From this we conclude that these social deficits are not due simply to malnourishment and that the majority small molecule library screening of the behavioral phenotype can be attributed to
loss of GluN2B, although it is possible that premature expression of GluN2A enhances the deficit in social exploration. The primary observation from these studies is that GluN2B-mediated signaling during development cannot be rescued by premature expression of the mature NMDAR subunit GluN2A. This provides strong evidence that these subunits serve distinct functional roles. In terms of synaptic function, we show that GluN2B-containing NMDARs are necessary for appropriate regulation of AMPAR-mediated currents and play a critical role in protein translation-dependent
homeostatic plasticity. Additionally, our data suggest that their unique interaction with CaMKII is responsible for the distinct cellular signaling associated with GluN2B-containing NMDARs and that suppression of protein translation by these receptors involves the mTOR pathway. Interestingly, a recent report has shown that rapid antidepressant effects of NMDAR antagonists involve activation of the mTOR pathway and rapid stabilization of cortical synapses MLN2238 in vivo (Li et al., 2010). The data presented here provide evidence that this may be due to disruption of GluN2B signaling, which acts via mTOR to suppress local protein synthesis in cortical dendrites.

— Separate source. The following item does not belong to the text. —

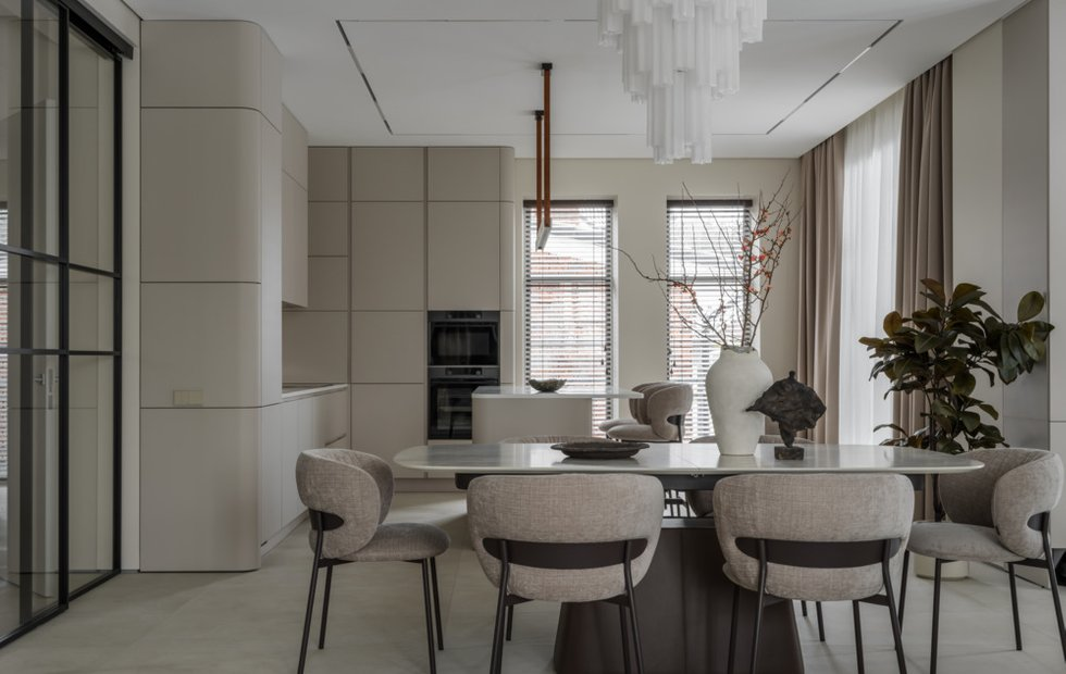 Двухэтажный дом в Подмосковье: радиусные формы, натуральный мрамор и теплый беж

GluN2B knockout mice die at P0, and this has largely precluded studies of the role of this subunit during development (Kutsuwada et al., 1996), whereas the absence of any dramatic survival phenotype in GluN2A null mice is consistent with their weak expression during embryogenesis and early postnatal periods (Sakimura et al., 1995). Recent reports have presented data from conditional GluN2B knockout mice; however, these studies have largely focused on the consequences of genetic removal after initial circuit formation (Brigman et al., 2010, von
Engelhardt et al., 2008 and Akashi et al., 2009). In light of this and of evidence that GluN2B may be uniquely required for proper localization of plasticity-related signaling molecules at excitatory synapses (Foster et al., 2010), we focused on examining the specific role of GluN2B during early Amisulpride postnatal development. During this period, homeostatic synaptic plasticity is required to maintain neuronal excitability within a physiologically appropriate range, because both the number of synapses onto individual neurons and sensory-driven activity increases in cortical networks. Homeostatic synaptic plasticity controls synapse excitability in a bidirectional manner, in part by regulating incorporation of synaptic AMPARs (Turrigiano, 2008). Scaling up synaptic AMPAR contribution in response to chronic suppression of neuronal activity has been shown to be dependent upon transcription but independent of NMDAR function (Turrigiano, 2008).